Early Response Transcription Factors in Erythroid Regeneration

Acute anemia activates distinct mechanisms from physiological erythropoiesis to increase red blood cell production. While erythroid regeneration in this context requires some critical cytokines (e.g., BMP-4), little is known about transcription factors (TFs) connecting growth factor stimulation to anemia-specific gene expression and cellular responses. We previously discovered that GATA1 and TAL1 control a cohort of composite cis-elements which are anemia-activated in erythroid progenitors and precursors during regeneration. Intriguingly, cis-regulatory activity and gene activation at these loci are delayed by several days following initial anemia onset by the red blood cell lysing chemical phenylhydrazine. This delay suggested that these elements were utilized for erythroid precursor expansion but not activation. We hypothesize that distinct TF mechanisms are early responders to erythroid regeneration.

To identify early anemia response TFs, we compared transcript levels in mouse spleen Kit⁺ erythroid progenitors at days 0 and 1 post-anemia (anemia upregulated genes; p<0.05, fold change>1.5). Among upregulated genes, only 10 were TFs, and 3 of them (Jun, Junb, Fos) are components of Activator protein 1 (AP-1) transcription factor. All 3 transcripts were subsequently downregulated at 3 days after anemia. In physiological hematopoiesis, AP-1 is highly expressed in most cells but low within the erythroid lineage. These findings suggested transient anemia-activated AP-1 may initiate erythroid regeneration. While AP-1 is a big family, only JUN and FOS family exhibited transient anemia-activation. Genes containing AP-1 binding motifs were cell intrinsically upregulated post-anemia in Jun and Fos-expressing cells. To determine Jun TF activity in anemia, we performed phospho-flow cytometry in Lin- spleen cells from mice after inducing anemia. We discovered that at Day 1 vs Control, the median fluorescence intensity (MFI) of Kit⁺CD71⁺Ter119⁺ cells stained with total Jun or phospho-Jun (p-Jun) antibodies increased 2.0-fold (p=0.03) and 2.9-fold (p=0.04), respectively. Concurring with transcript levels, both total and p-Jun protein increased between 6- and 24-hours post-anemia and decreased at 72 hours. These changes post-anemia were absent in non-erythroid (CD71^-Ter119^-) and Kit^- cells. These data demonstrated a transient increase in JUN TF activity early during the anemia response in erythroid progenitor/precursors.
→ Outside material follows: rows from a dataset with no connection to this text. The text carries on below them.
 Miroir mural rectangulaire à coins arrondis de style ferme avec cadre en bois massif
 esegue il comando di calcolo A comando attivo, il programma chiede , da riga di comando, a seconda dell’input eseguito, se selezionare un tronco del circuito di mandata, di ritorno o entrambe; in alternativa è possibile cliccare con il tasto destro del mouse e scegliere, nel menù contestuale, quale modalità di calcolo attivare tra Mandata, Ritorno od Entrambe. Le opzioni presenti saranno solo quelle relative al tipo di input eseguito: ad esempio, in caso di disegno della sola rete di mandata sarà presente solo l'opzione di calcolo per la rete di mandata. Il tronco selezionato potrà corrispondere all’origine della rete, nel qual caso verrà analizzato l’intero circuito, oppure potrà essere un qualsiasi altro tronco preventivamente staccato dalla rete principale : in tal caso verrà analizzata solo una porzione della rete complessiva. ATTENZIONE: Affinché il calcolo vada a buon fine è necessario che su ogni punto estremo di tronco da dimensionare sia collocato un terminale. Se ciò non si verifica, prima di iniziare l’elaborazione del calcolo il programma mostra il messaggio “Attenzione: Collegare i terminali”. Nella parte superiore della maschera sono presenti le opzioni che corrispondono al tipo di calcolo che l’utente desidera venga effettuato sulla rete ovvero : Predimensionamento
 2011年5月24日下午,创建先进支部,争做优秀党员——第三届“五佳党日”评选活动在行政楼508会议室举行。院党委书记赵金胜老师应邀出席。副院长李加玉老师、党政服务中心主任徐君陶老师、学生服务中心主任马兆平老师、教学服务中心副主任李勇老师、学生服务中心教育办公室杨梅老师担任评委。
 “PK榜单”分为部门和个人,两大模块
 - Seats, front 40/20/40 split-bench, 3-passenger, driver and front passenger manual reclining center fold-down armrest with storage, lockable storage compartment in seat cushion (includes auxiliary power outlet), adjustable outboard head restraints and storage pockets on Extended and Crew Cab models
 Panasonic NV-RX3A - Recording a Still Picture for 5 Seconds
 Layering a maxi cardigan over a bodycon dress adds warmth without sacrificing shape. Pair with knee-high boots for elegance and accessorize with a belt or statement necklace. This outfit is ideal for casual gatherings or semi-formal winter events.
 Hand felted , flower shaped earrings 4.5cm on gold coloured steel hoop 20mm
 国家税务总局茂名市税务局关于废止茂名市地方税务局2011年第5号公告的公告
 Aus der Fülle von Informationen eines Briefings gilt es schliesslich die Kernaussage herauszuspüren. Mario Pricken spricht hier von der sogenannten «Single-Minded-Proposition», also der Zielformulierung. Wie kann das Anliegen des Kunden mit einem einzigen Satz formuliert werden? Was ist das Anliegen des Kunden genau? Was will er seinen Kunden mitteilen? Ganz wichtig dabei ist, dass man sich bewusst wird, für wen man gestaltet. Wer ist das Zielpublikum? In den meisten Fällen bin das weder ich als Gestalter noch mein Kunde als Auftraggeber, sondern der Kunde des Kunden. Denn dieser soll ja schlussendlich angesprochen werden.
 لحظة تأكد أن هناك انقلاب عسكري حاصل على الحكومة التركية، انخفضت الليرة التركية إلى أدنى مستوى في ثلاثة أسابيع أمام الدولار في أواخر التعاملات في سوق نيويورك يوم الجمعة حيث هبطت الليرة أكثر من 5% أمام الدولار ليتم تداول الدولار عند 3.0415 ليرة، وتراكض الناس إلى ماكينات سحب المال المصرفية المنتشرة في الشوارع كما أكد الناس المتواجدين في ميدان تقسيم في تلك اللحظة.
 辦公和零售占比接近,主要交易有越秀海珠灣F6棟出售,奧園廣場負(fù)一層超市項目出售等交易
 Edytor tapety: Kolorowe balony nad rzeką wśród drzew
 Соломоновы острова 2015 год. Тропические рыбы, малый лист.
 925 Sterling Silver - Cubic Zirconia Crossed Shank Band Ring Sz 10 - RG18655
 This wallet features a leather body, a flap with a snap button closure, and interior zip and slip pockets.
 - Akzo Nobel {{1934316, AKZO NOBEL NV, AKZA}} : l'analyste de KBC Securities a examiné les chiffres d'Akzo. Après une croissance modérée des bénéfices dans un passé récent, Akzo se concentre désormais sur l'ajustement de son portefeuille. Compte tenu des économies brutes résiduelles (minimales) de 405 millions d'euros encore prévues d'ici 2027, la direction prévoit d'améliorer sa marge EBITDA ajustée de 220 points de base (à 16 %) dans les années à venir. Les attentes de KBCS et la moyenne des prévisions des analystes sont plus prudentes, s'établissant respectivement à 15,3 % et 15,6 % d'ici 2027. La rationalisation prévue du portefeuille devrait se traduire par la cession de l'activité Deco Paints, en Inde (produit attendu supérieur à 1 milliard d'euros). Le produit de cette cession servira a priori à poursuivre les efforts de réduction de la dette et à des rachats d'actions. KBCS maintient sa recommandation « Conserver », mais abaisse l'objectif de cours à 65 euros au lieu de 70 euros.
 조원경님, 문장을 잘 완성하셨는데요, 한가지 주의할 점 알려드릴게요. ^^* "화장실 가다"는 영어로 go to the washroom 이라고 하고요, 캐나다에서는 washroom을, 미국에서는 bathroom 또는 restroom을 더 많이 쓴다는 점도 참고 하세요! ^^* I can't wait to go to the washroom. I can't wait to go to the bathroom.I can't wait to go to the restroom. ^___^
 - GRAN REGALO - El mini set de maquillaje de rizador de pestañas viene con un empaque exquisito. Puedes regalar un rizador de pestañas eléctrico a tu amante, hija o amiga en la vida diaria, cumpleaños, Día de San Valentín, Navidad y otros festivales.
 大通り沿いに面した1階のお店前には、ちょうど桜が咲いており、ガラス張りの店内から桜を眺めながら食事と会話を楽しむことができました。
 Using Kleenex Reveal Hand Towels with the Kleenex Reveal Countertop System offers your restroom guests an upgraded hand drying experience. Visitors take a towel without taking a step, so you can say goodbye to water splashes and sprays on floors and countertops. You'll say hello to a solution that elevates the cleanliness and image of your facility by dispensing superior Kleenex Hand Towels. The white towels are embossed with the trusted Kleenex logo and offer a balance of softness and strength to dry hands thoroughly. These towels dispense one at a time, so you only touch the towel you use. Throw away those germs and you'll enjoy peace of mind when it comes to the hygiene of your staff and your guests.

AP-1 activity is commonly elevated in response to a variety of stressors, including hypoxia and inflammation. Given the limited sets of transcripts upregulated at early anemia time points, direct AP-1 targets may be required for establishing an anemia-dependent transcriptome. To identify AP-1 target genes in erythroid regeneration, we selected genetic loci nearby (distance <100kb) AP-1-occupied cis-elements in human erythroleukemia (K562) or mouse erythroid progenitor cells (GEO: GSE31477, 208960, 170378, 172818). 50 potential AP-1 target genes were upregulated in stress erythroid precursors on day 3 vs day 1 post-anemia. Seven anemia-regulated transcription factors (SOX6, E2F2, TAL1, TFDP2, FOXO3, GFI1B, MAFG) reside at loci containing candidate AP-1 cis-elements. The T-cell Acute Lymphoblastic Leukemia-1 (TAL1) TF cooperates with GATA1 at E-box-GATA composite cis-elements to promote transcription of a number of erythroid-specific genes, several of which are needed for effective erythroid regeneration. Knockdown approaches will be used to test whether Jun expression and activity promotes the anemia-dependent transcriptome, stress erythroid precursor differentiation, and cell survival during erythroid regeneration. Given that Jun can be activated by BMP-4 signaling via the Jun kinase (JNK) pathway, and the requirement for BMP-4 in erythroid regeneration, we are investigating whether BMP-4 stimulation (or other cytokines) phosphorylates Jun to establish the regenerative transcriptome at early time points post-anemia. These studies will improve our understanding of transcriptional mechanisms driving erythroid regenerative responses, which can be useful for identifying new therapeutic targets for acute/chronic anemias.